* Exercise objective *
Transcribe all the entries word for word, omitting any pictures they contain.

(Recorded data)
____

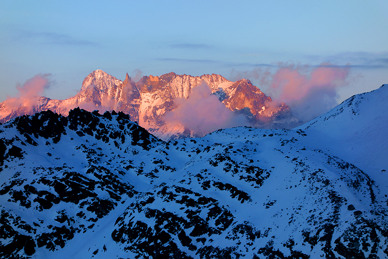 Lovely evening light on the Dent Blanche and the Aiguille de la Tsa, from the terrace of the hut. |
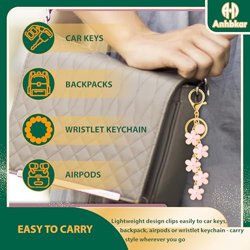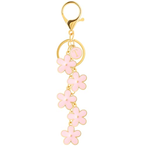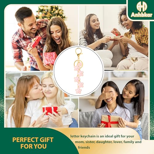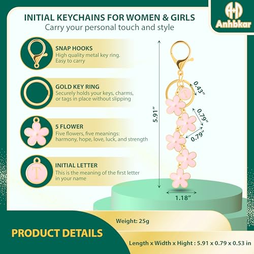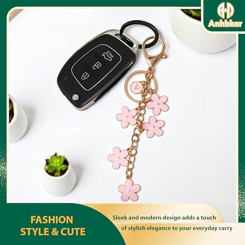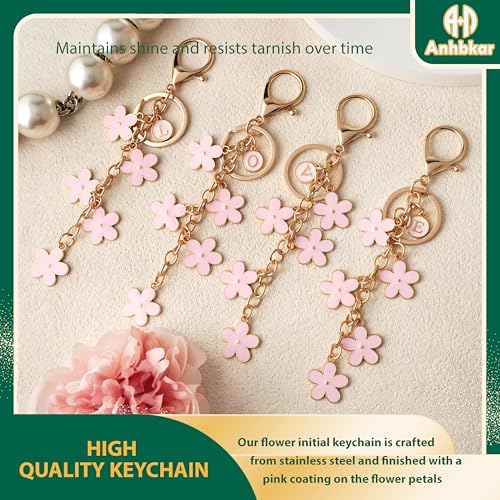 ANHBKAR - سلسلة مفاتيح بالحرف الاول من الاسم للنساء مع حلية على شكل زهرة لطيفة - حلقة مفاتيح بتصميم حروف ابجدية للمفاتيح والمحفظة والشنط وشنطة الظهر وشنط اليد من انهبكار
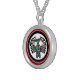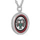Gift your friend this stylish round pendant necklace with a beautiful Haida Thunderbird from British Columbia, Canada. The background is a deep red.
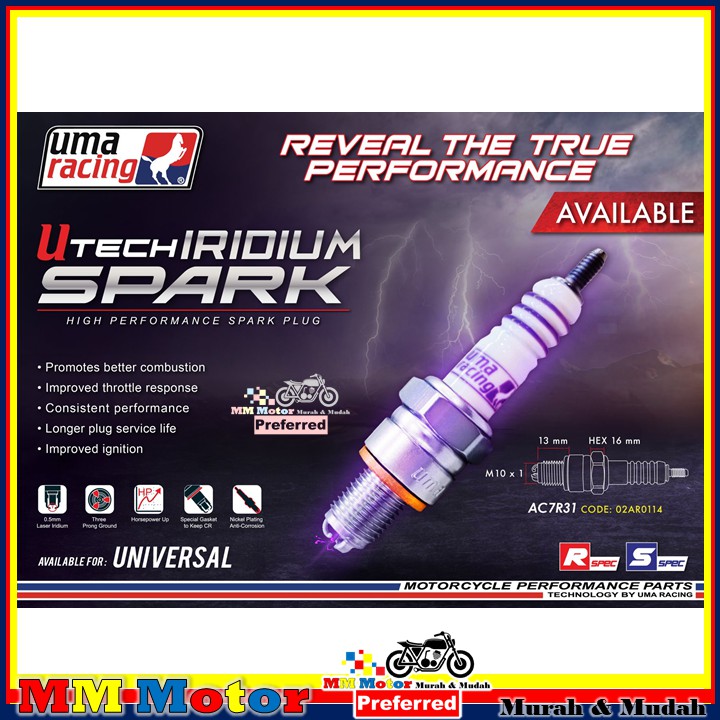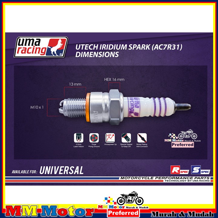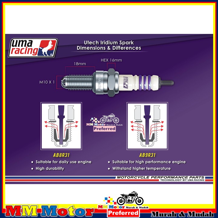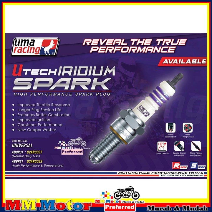 UMA RACING U TECH IRIDIUM HIGH PERFORMANCE SPARK PLUG AB8R31 AB9R31 AC7R31 UNIVERSAL YAMAHA HONDA LC135 Y15ZR NMAX RS150
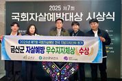 뉴한국방송뉴스통신사 신태공 기자 | 금산군은 지난 11일 국회 의원회관 대회의실에서 열린 제7회 국회자살예방대상 시상식에서 군 그룹 우수 지자체상을 받았다. 국회자살예방포럼과 안전생활실천시민연합은 지난 2019년부터 매년 전국 229개 기초지방자치단체를 대상으로 자살예방 활동을 조사하고 있다. 평가는 조직, 예산, 인력, 사업, 자살률 등 5개 영역과 17개 지표에 따라 점수화되며 지자체 규모에 따라 △인구 30만 미만 시 △인구 30만 이상 시 △구 △군 등 4개 그룹으로 구분하고 그룹별 상위 3개 지자체를 우수지자체로 선정했다. 금산군은 동일 그룹 평균인 54.8점보다 높은 종합점수 75.6점을 받았다. 주요 우수사례로 지역 특성을 기반으로 한 맞춤형 자살예방사업 추진, 생명지킴이 양성 및 교육, 고위험군 집중 개입, 지역사회 협력체계를 통한 촘촘한 안전망 구축 등이 꼽혔다. 특히, 생애주기별 지원 체계와 주민 접근성을 높인 상담·지원 프로그램이 인정받았다. 이 외에도 생명존중문화 확산을 위한 추진 상황으로 주민 인식개선 활동, 고위험군 맞춤지원 확대, 지역 특성을 반영
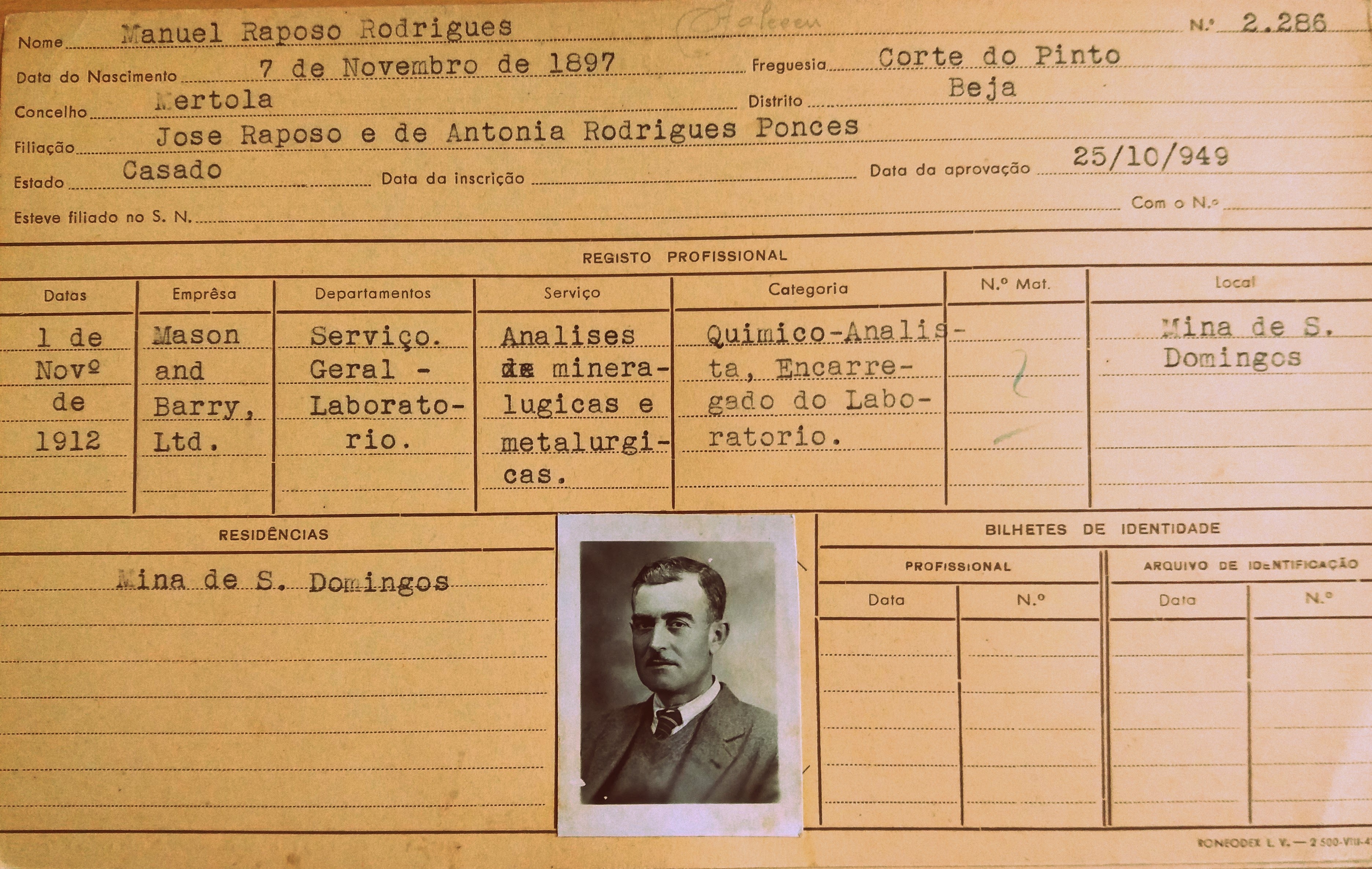 Organograma de 1930 como Adjunto Quimico. Passou a Encarregado do Laboratório

____

* Worked solution *
 Lovely evening light on the Dent Blanche and the Aiguille de la Tsa, from the terrace of the hut. |
 ANHBKAR - سلسلة مفاتيح بالحرف الاول من الاسم للنساء مع حلية على شكل زهرة لطيفة - حلقة مفاتيح بتصميم حروف ابجدية للمفاتيح والمحفظة والشنط وشنطة الظهر وشنط اليد من انهبكار
Gift your friend this stylish round pendant necklace with a beautiful Haida Thunderbird from British Columbia, Canada. The background is a deep red.
 UMA RACING U TECH IRIDIUM HIGH PERFORMANCE SPARK PLUG AB8R31 AB9R31 AC7R31 UNIVERSAL YAMAHA HONDA LC135 Y15ZR NMAX RS150
 뉴한국방송뉴스통신사 신태공 기자 | 금산군은 지난 11일 국회 의원회관 대회의실에서 열린 제7회 국회자살예방대상 시상식에서 군 그룹 우수 지자체상을 받았다. 국회자살예방포럼과 안전생활실천시민연합은 지난 2019년부터 매년 전국 229개 기초지방자치단체를 대상으로 자살예방 활동을 조사하고 있다. 평가는 조직, 예산, 인력, 사업, 자살률 등 5개 영역과 17개 지표에 따라 점수화되며 지자체 규모에 따라 △인구 30만 미만 시 △인구 30만 이상 시 △구 △군 등 4개 그룹으로 구분하고 그룹별 상위 3개 지자체를 우수지자체로 선정했다. 금산군은 동일 그룹 평균인 54.8점보다 높은 종합점수 75.6점을 받았다. 주요 우수사례로 지역 특성을 기반으로 한 맞춤형 자살예방사업 추진, 생명지킴이 양성 및 교육, 고위험군 집중 개입, 지역사회 협력체계를 통한 촘촘한 안전망 구축 등이 꼽혔다. 특히, 생애주기별 지원 체계와 주민 접근성을 높인 상담·지원 프로그램이 인정받았다. 이 외에도 생명존중문화 확산을 위한 추진 상황으로 주민 인식개선 활동, 고위험군 맞춤지원 확대, 지역 특성을 반영
 Organograma de 1930 como Adjunto Quimico. Passou a Encarregado do Laboratório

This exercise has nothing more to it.